Effective versioning and configuration management is always very important in software development projects.
1. The concept of versioning
In an MDSD project, the following aspects must be managed and versioned:
- Generate tools. Currently, the tools themselves are still being developed, so it makes sense to have them version controlled.
- Generator configuration: The generated part of the domain architecture, this includes DSL/configuration file definitions, metamodels, templates and transformations.
- The non-generated part of the domain architecture: the MDSD platform.
- The application itself: models, specifications, and hand-developed code.
Ideally, the generated code is not versioned, since it can be reproduced from the model at any given time, and thus does not constitute the actual program source code. Of course, this idea can only be realistically applied if there is a structural separation of hand-created and generated code in the file system.
One goal of model-driven development is to develop some applications based on the same domain architecture. Therefore, it is necessary to completely separate the platform and generator configuration from the application.
2. Projects and dependencies
The focus is on managing dependencies of various projects, including their versions. For application projects, it is necessary to specify which version of the domain architecture the project is based on. If the underlying platform improves, the domain architecture and possibly even the application project may need to be improved at the same time. A framework metaphor can be used to demonstrate this: imagine the domain architecture as a framework. If you improve the framework, you need to change its client application. These things are of the same relevance, so the same approach is applied in the improvement of the domain architecture.
3. The structure of the application project
Projects, Artifacts, and Repositories
The diagram above shows how an application project is set up at the highest level, and how the generator and compiler utilize it.
The application's model, as well as the manually created code, resides in the application repository. Generators create generated code backed by generator configurations, including configuration files, etc. Configuration files are located in the domain architecture repository. Next the application is generated with the help of a build script. This step will use the application and platform's handcrafted code, obtaining the platform's handcrafted code from the domain architecture repository.
4. Version management and construction process of mixed files
It's not always possible or practical to completely separate generated and non-generated code. Relevant examples include:
- Custom code in the J2EE deployment descriptor;
- Custom code in JSP files;
- Custom code in properties files or other configuration files.
In general, these are places where the target language does not provide an adequate delegation mechanism.
Obviously, the use of this protected area results in a file in which generated and non-generated code is mixed. The problem here is that these files are usually only versionable as a whole. This leads to the fact that redundant code will be registered, since the generated code is not the source after all - the source will be the model from which the code is generated.
This redundant code can lead to inconsistencies during team development. This inconsistency will become a growing problem as the team evolves.
Merge conflicts between developers are detected exclusively using the application sources in the repository.
It should be emphasized again that, in our opinion, the separation between generated and non-generated code is the preferable approach and should be attempted in any case.
5. Modeling in the team and versioning of some models
Large systems must be partitioned. Their constituent parts or subsystems are developed more or less independently of each other. Interfaces define how the system will interact. The normal integration step is to bring the pieces together. This approach is especially useful if the parts are developed in different locations or by different teams. Of course, this primarily affects the development process and communication within the team, and perhaps the system architecture as well.

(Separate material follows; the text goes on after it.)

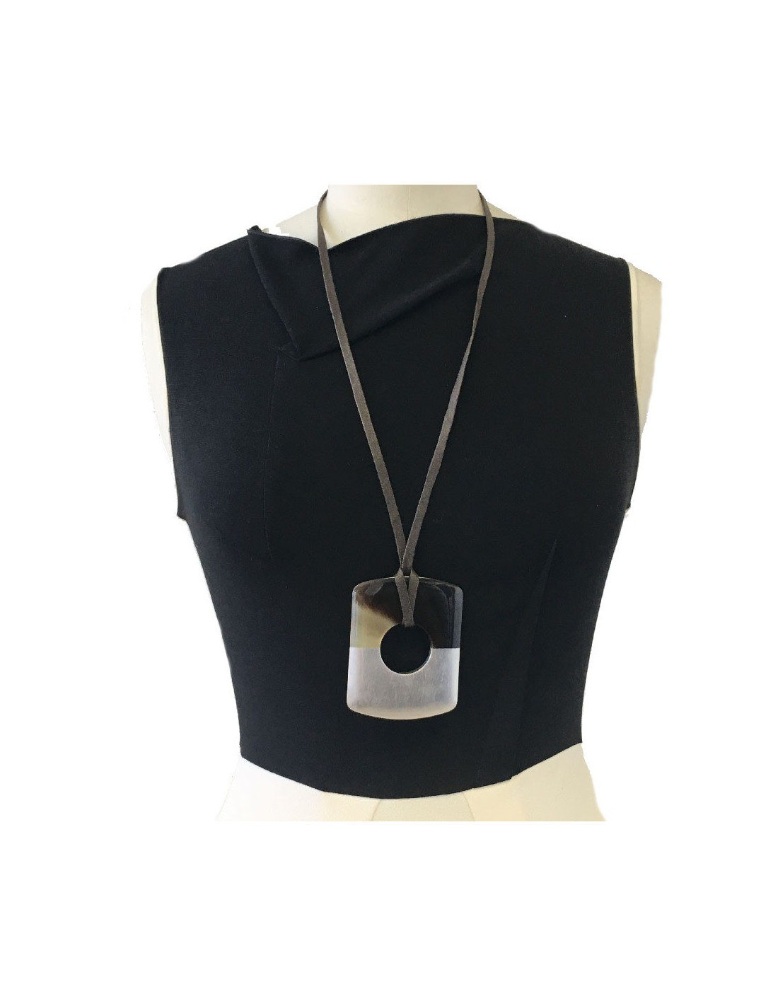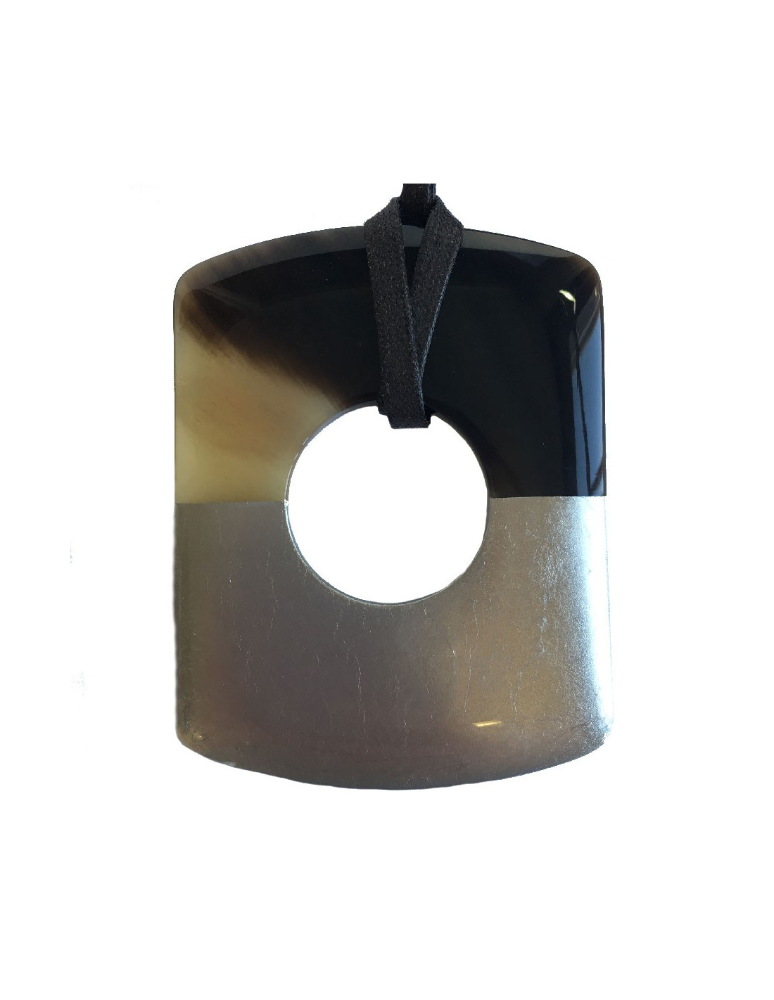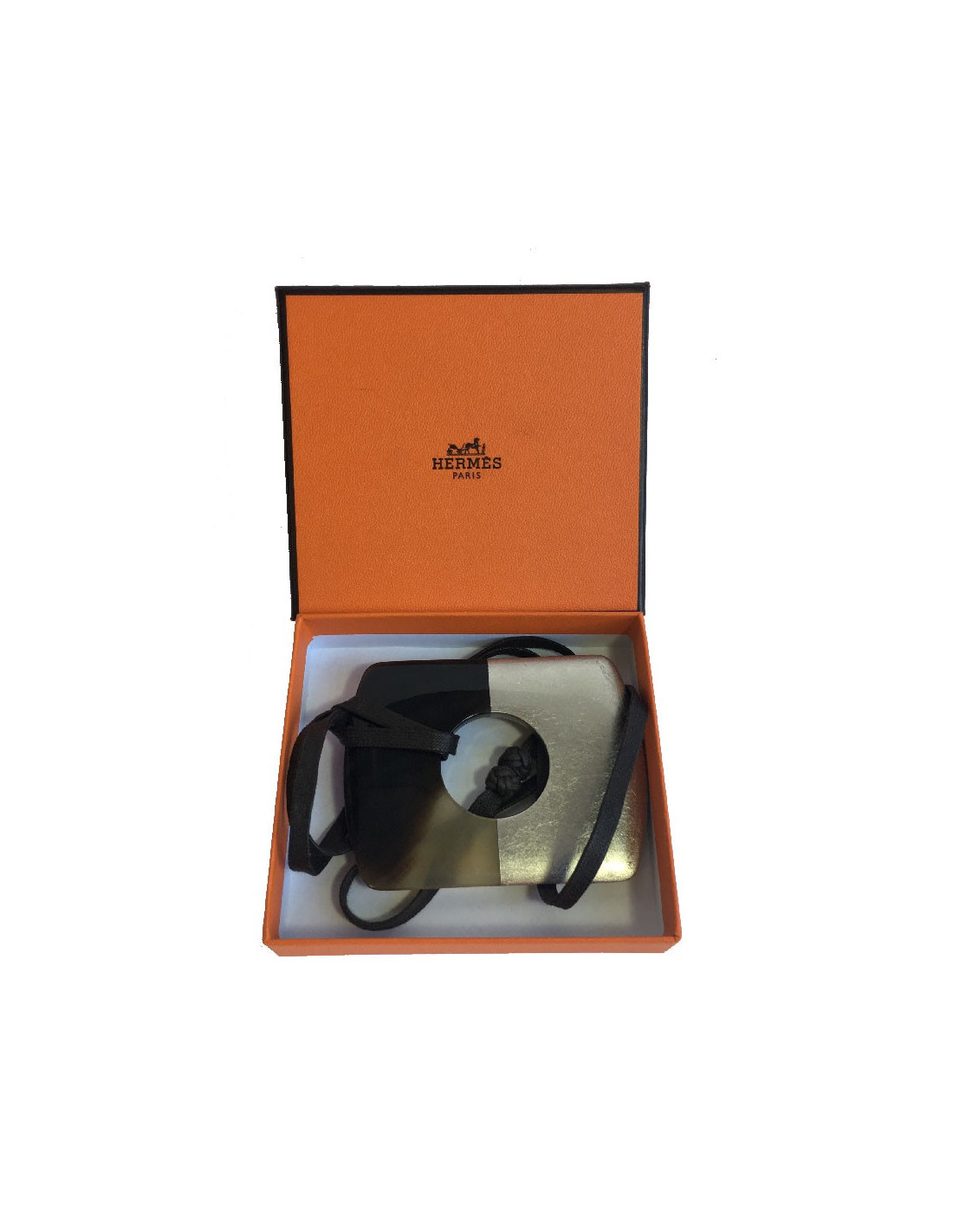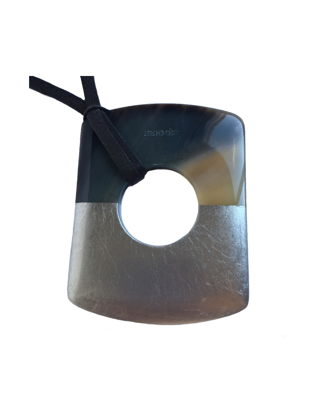 Pendentif Hermès, modèle Dalva, en corne et feuille d'or bronze doré Hermès, avec corde réglable.

1. Partitions and subdomains
First, it's important to point out the difference between partitioning and subdomain usage
Subdomains are aspects that isolate the entire system. Each subdomain has its own metamodel and DSL. The different metamodels are conceptually unified through the gateway metaclass. In the context of enterprise systems, these might be subdomain business processes, persistence, and GUI.
Instead, partitions describe the definition of parts of the system. For reasons of efficient project organization or complexity, decompose a large number of technically similar requirements into separate parts that can be integrated using interfaces.
2. Various generated software architectures
If different build architectures are used in different partitions of the project, the question arises whether the generated artifacts will work together. In general, this means that integration should happen at the generated code level. As an example, assume that different versions of the build infrastructure are utilized, all of which will create parts of a comprehensive J2EE application.
3. Development of DSL
DSLs typically continue to be developed over the course of a project. DSLs will evolve as knowledge and understanding of the domain grows and deepens. To make things easier, it is necessary to ensure that the DSL maintains backward compatibility during its development.
4. Partitioning and integration
Suppose different teams need the same interface, perhaps because one team implements a component that uses code from another team.
When the work to be done is model-driven, it is required to enforce a model with interfaces in at least two of the models. However, this approach is not ideal because of the consistency issues involved in duplicating information in both models. Depending on the tool, other options exist.
1). Integration in the model
If the modeling tool supports it, you should ensure that the interface exists in only one place and is referenced from both models. From the generator's point of view, this will produce a consistent model.
Whether this approach is possible depends on the modeling tool. Among UML tools, a repository-based tool that supports discrete modeling is the ideal choice.
2). Integration via model synchronization in the generator
Integration can also occur at the generator level if the modeling tool does not provide an appropriate integration choice. The generator reads some input models, each row containing specific model elements.
In this case, the task of the generator is to solve possible consistency problems.
3). Integration by reference in the generator
A further integration option is to use references.